- **Requirement**
Leaving the pictures aside, return the listing exactly as it appears.

- **Information shown**

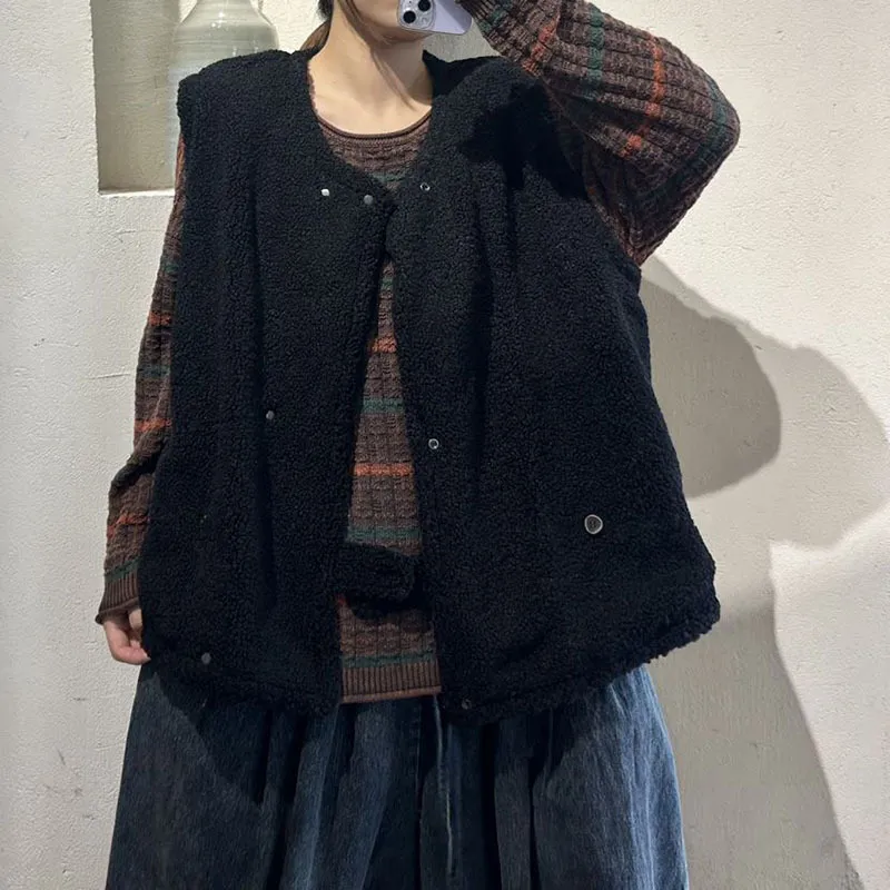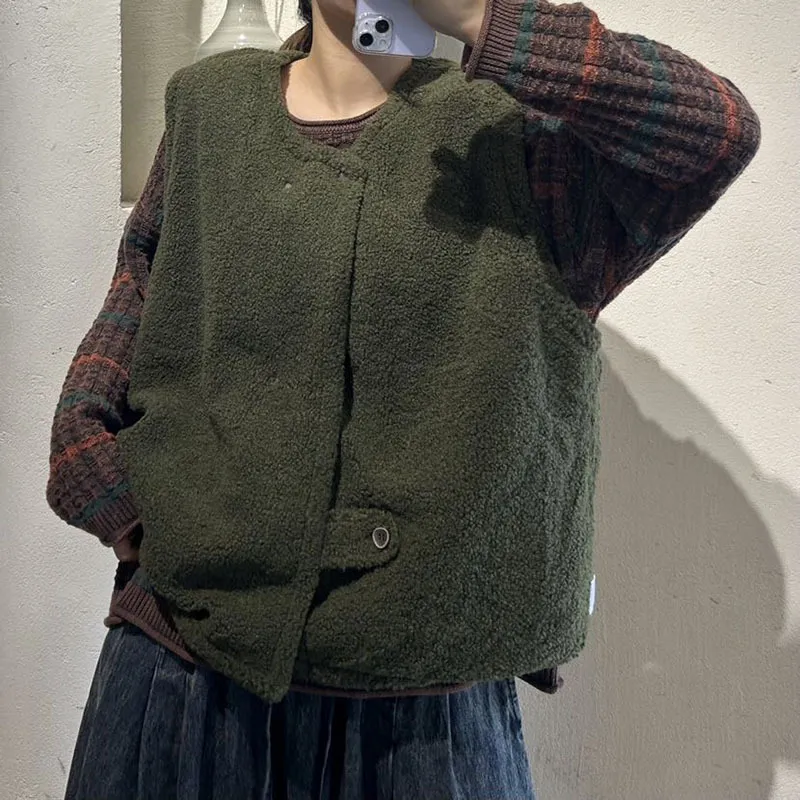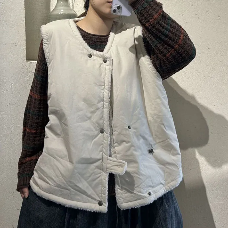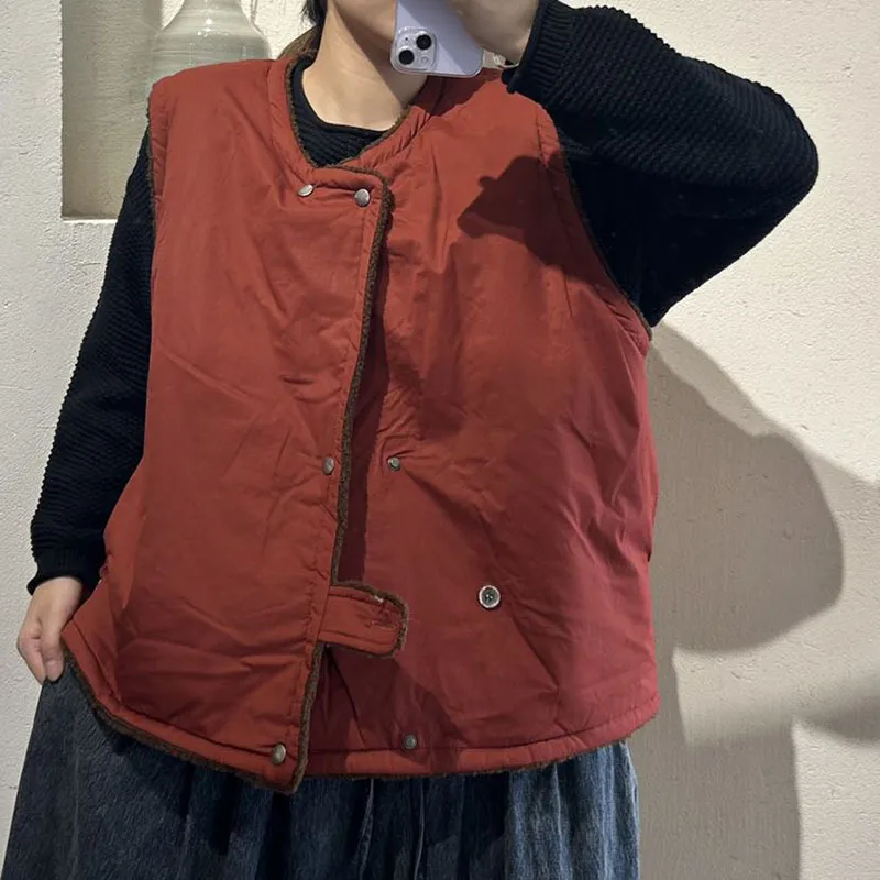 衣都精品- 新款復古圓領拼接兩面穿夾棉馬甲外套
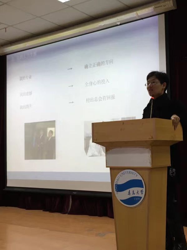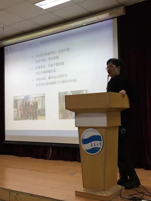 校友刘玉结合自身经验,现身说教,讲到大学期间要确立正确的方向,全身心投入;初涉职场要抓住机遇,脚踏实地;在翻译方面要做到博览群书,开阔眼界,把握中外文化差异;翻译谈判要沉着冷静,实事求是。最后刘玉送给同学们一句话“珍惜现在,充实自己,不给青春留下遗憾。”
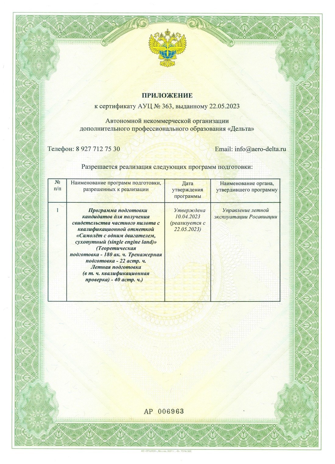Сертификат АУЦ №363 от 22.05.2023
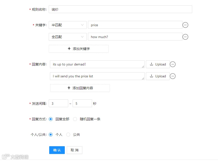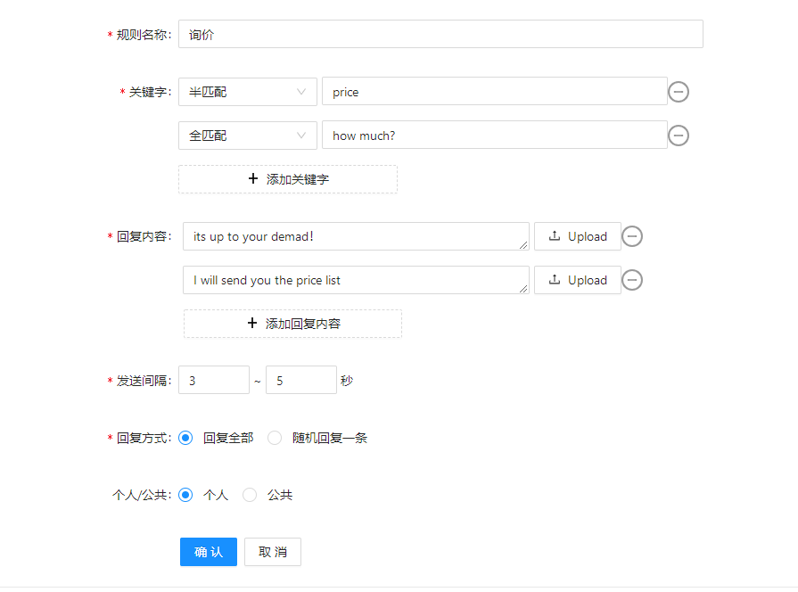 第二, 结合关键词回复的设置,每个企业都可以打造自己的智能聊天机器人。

- **Exercise output**
 衣都精品- 新款復古圓領拼接兩面穿夾棉馬甲外套
 校友刘玉结合自身经验,现身说教,讲到大学期间要确立正确的方向,全身心投入;初涉职场要抓住机遇,脚踏实地;在翻译方面要做到博览群书,开阔眼界,把握中外文化差异;翻译谈判要沉着冷静,实事求是。最后刘玉送给同学们一句话“珍惜现在,充实自己,不给青春留下遗憾。”
Сертификат АУЦ №363 от 22.05.2023
 第二, 结合关键词回复的设置,每个企业都可以打造自己的智能聊天机器人。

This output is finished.